« Little Armageddon », Skip The Use

Le phénomène Skip The Use s’est imposé en 2012 avec un live détonant et des morceaux qui ne s’oublient pas (comme « Ghost », « Cup of Coffee », « Give me your Life »). Ce lundi 24 février, la bande lilloise remet le couvert avec un nouvel opus, « Little Armageddon ». Porté par le single « Nameless World » déjà dévoilé, le disque promet de belles choses, d’abord parce qu’il passe après l’excellent « Can Be Late », puis parce qu’il donnera le coup d’envoi pour une nouvelle tournée qui s’annonce tout aussi explosive que la précédente.
Alors, les promesses sont-elles tenues avec les douze nouveaux morceaux ? STU l’a bien compris, il fallait là un album formaté pour le live. Un album avec des refrains qui restent en tête et un rythme qui donne envie de se secouer.

Ça démarre avec assurance, avec un son de guitare grinçante et un rythme qui peut vite mener aux hostilités sur « Second to None ». Quelques envolées de Mat Bastard et la machine est lancée.  Les Skip The Use envoient tout sur cette première piste, si bien que l’on se demande jusqu’où iront les dix autres morceaux. Dès « 30 Years », des voix féminines s’invitent sur la bande. Visiblement, les conseils de leurs potes Shaka Ponk ont fini par porter leurs fruits : les filles en plus, c’est un bonus. Puis voilà le tube « Nameless World », entonné par toutes les radios depuis quelques semaines. Efficace et très persuasif, l’alliance reggae et gros rock fait son petit effet.
Comment faire un album de Skip The Use sans monter leur propre chorale, comme sur leur précédent succès « Ghost ». Sur « The Taste », les enfants reviennent à la charge. Un résultat plus mélancolique et pop que la recette habituelle. La balade est interrompue par le brut « Birds Are Born To Fly », deuxième single de l’album, conçu spécialement pour être repris en chœur dans les stades.
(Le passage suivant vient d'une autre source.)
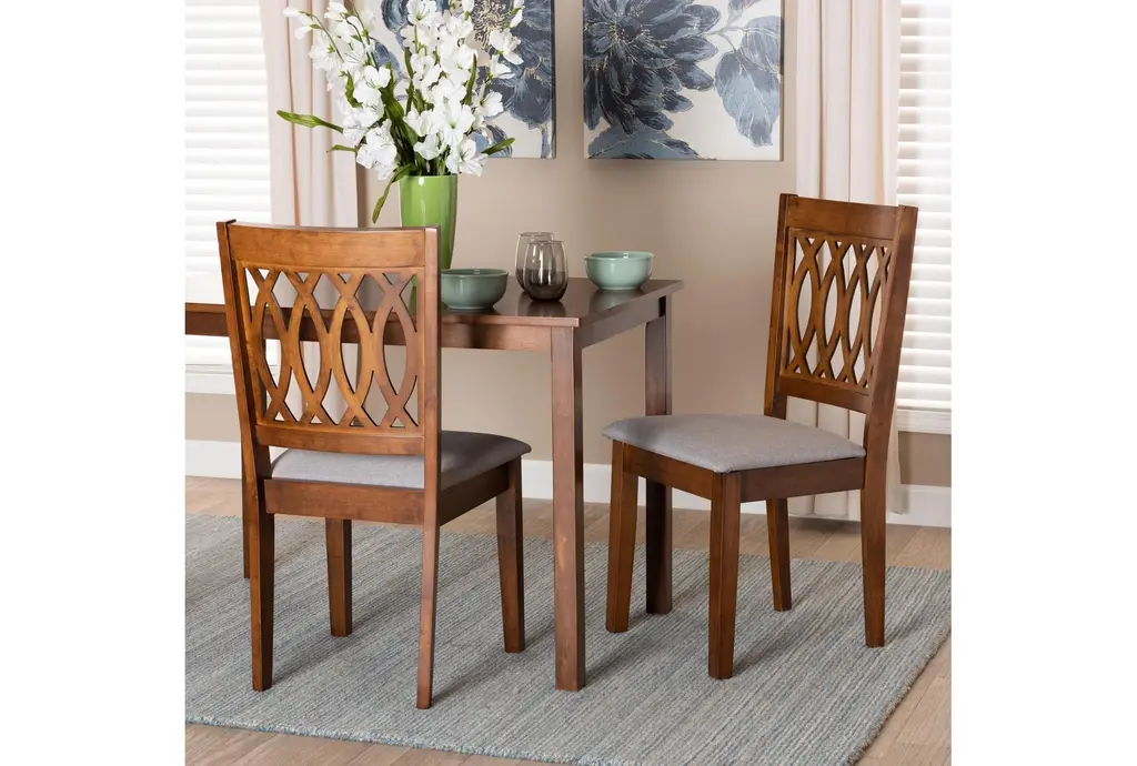 The Florencia Modern Grey Upholstered & Walnut Brown Wood Dining Chair Set of 2 brings a sophisticated touch to any dining room or kitchen. With a timeless mid-century modern style, these armless chairs combine comfort and aesthetics seamlessly. The grey fabric cushion and walnut brown wood create a striking contrast, perfect for enhancing your dining experience.

Skip The Use le sait,  ces « lalala » là feront crier la foule incessamment sous peu. L’opus prend ensuite un virage plus chantant et rêveur avec « The Wrong Man » et « The Story of Gods and Men ». La carte de l’éclectisme et de la sensibilité qui risque de jouer en la faveur du groupe, auprès de son public qui n’est – il faut bien le dire – plus aussi punk qu’à ses débuts. « Little Armageddon » surprend par ses allures rock à billy presque électronisés sur l’intro, mais la voix de Mat Bastard prend vite de la hauteur pour signer là encore une pépite rock toute aussi authentique que les autres morceaux.
La fin de l’album arrivant, la voix se durcit, la noirceur prend le pas sur la douceur. C’est sur, avec « Gone Away », Skip The Use part en guerre. Et puis, comme un cheveu sur la soupe, Mat Bastard troque son franc parler traditionnel avec la langue de Shakespeare, jusqu’alors jamais tentée au sein du groupe. « Être heureux », marche revendicatrice, fait écho aux influences des plus grands, comme l’inégalable Noir Désir. Un pari risqué qui déroute quelques peu sur le moment, mais passe comme un message aux fans.
Les deux derniers morceaux « Lust For You » et « STU » sont sans aucun doute les tubes de l’été 2014. Légers, bien qu’avec un bagage rock solide, ils affirment l’identité Skip The Use dans toute sa splendeur, son énergie punk et son cri indomptable.